La loi anti casseur

Par mardi 29 janvier 2019 Permalink 5

Comme dans tous les régimes qui tendent vers le totalitarisme, l’hypertrophie du pouvoir exécutif se constate. La loi anti casseur est encore un bon exemple. Sur l’ordre d’Edouard Philippe, les députés godillots de LREM vont voter ce qui est devenu un projet de loi alors qu’au départ le texte venait d’un député LR choqué par la violence à Notre Dame Des Landes. Les opposants élus vont pousser des hauts cris inutilement face à l’extrême durcissement du texte. La commission des lois à l’assemblée va voir les articles qu’elle a retoqués réapparaître sous une autre forme. Le pouvoir judiciaire est squeezé au profit des préfets qui sont les agents du gouvernement dans les départements et les régions.

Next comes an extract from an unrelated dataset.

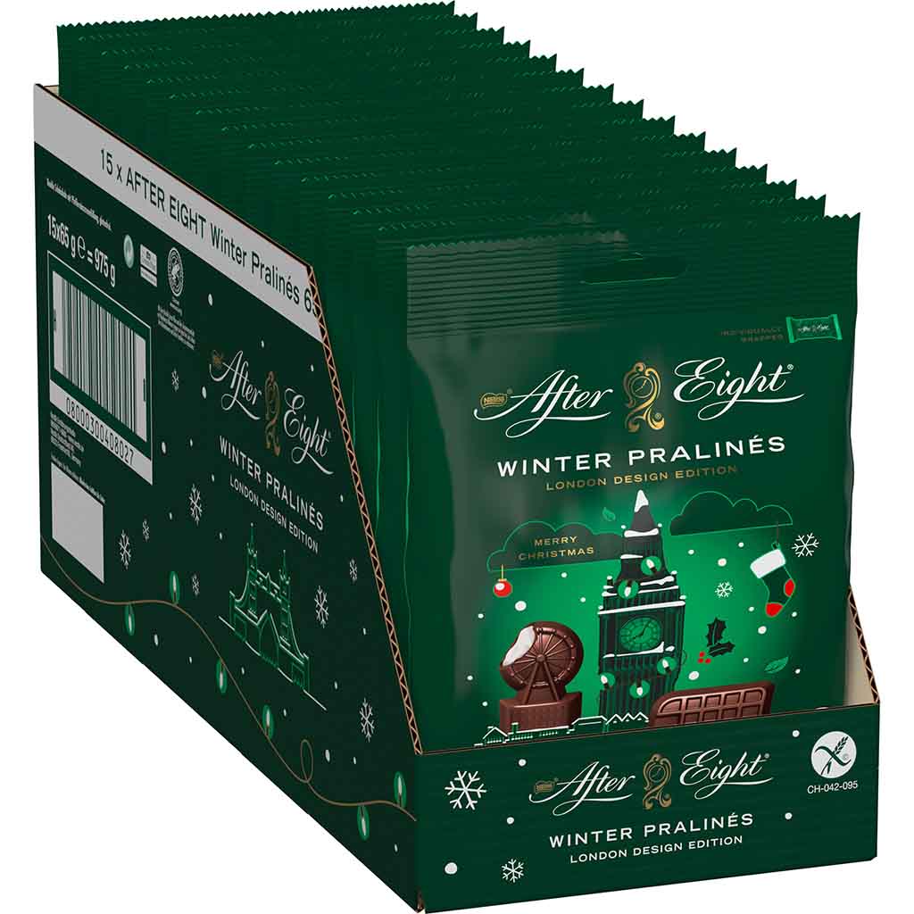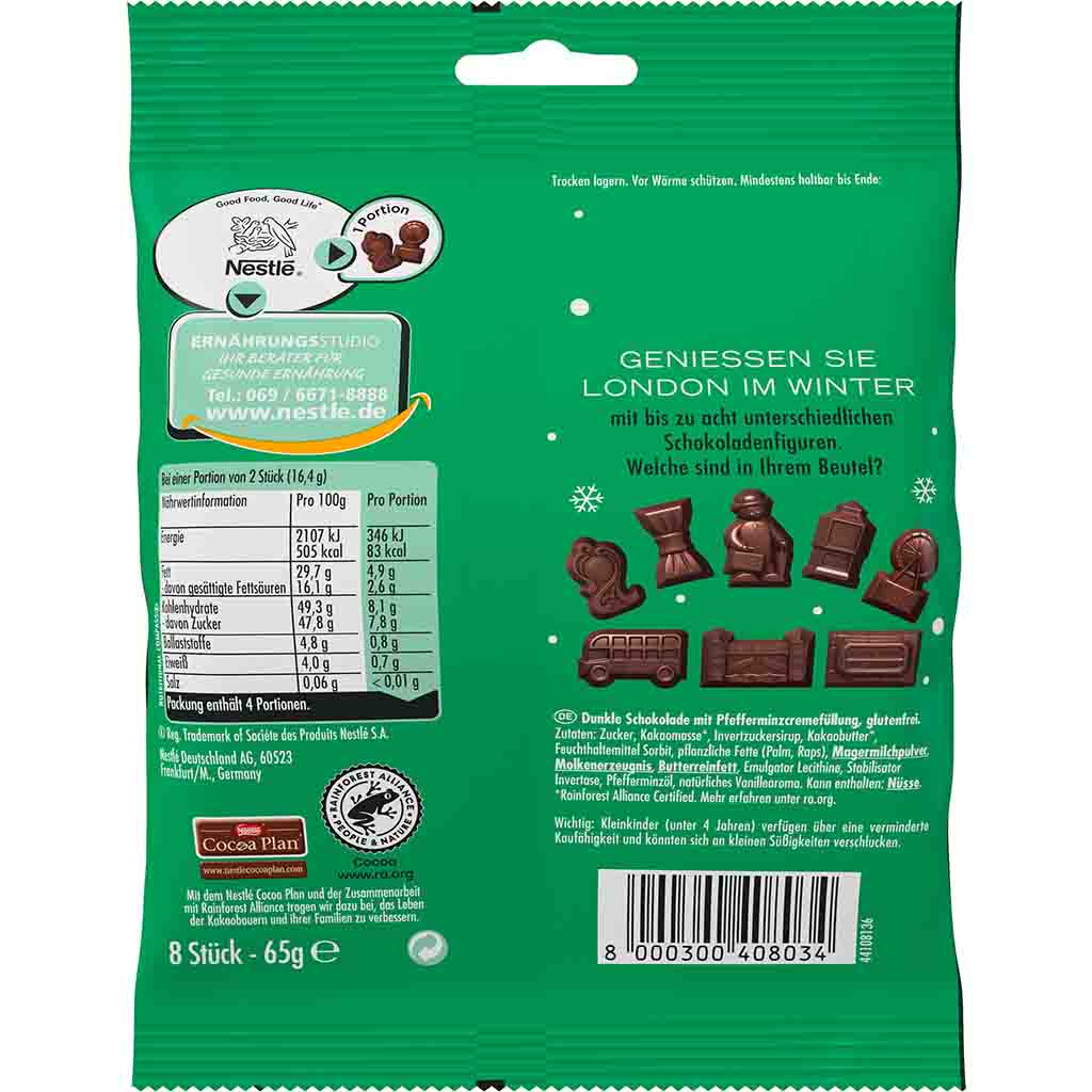 Pralinen aus Zartbitterschokolade mit cremiger Minzfüllung. Die feinen Pralinen bestehen aus Zartbitterschokolade und wurden in liebevollen Motiven gestaltet. Typische London-Symbole und weihnachtliche Figuren verschönern den Genussmoment.

Après ce terrible constat sur la forme, le fond n’est pas meilleur.
-Le droit de manifester en prend un sacré coup vu qu’il sera soumis à la discrétion de l’autorité administrative qui fichera les contestataires dont elle ne veut pas.
-Ce que le gouvernement ose appeler un principe de casseur payeur implique que toute personne ayant été condamnée dans le cadre de sa participation à une manifestation pourrait se voir réclamer la facture de dégradations commises même s’il n’en est pas responsable. Ah! La post-rhétorique gouvernementale!
-Toute personne participant à une manifestation non déclarée, spontanée ne risque plus une simple contravention mais tombe sous le coup d’un délit. Cette présence devient donc passible de la correctionnelle avec une peine de prison de 10 ans et une amende de 3750 €. Les Gilets Jaunes sur les rond points n’ont qu’à bien se tenir!

Les médias officiels répètent pour que la population s’en convainque, que nous vivons en démocratie. Ils sentent bien qu’il faut le dire et que l’affirmation ne va plus de soi. Et évidemment, le pouvoir de l’argent a remplacé celui du peuple à qui il ne reste qu’un pouvoir de dire non qui n’est en plus pour le moment guère suivi de conséquences. Mais ce pouvoir semble encore de trop. La loi anti casseur vient le rabioter.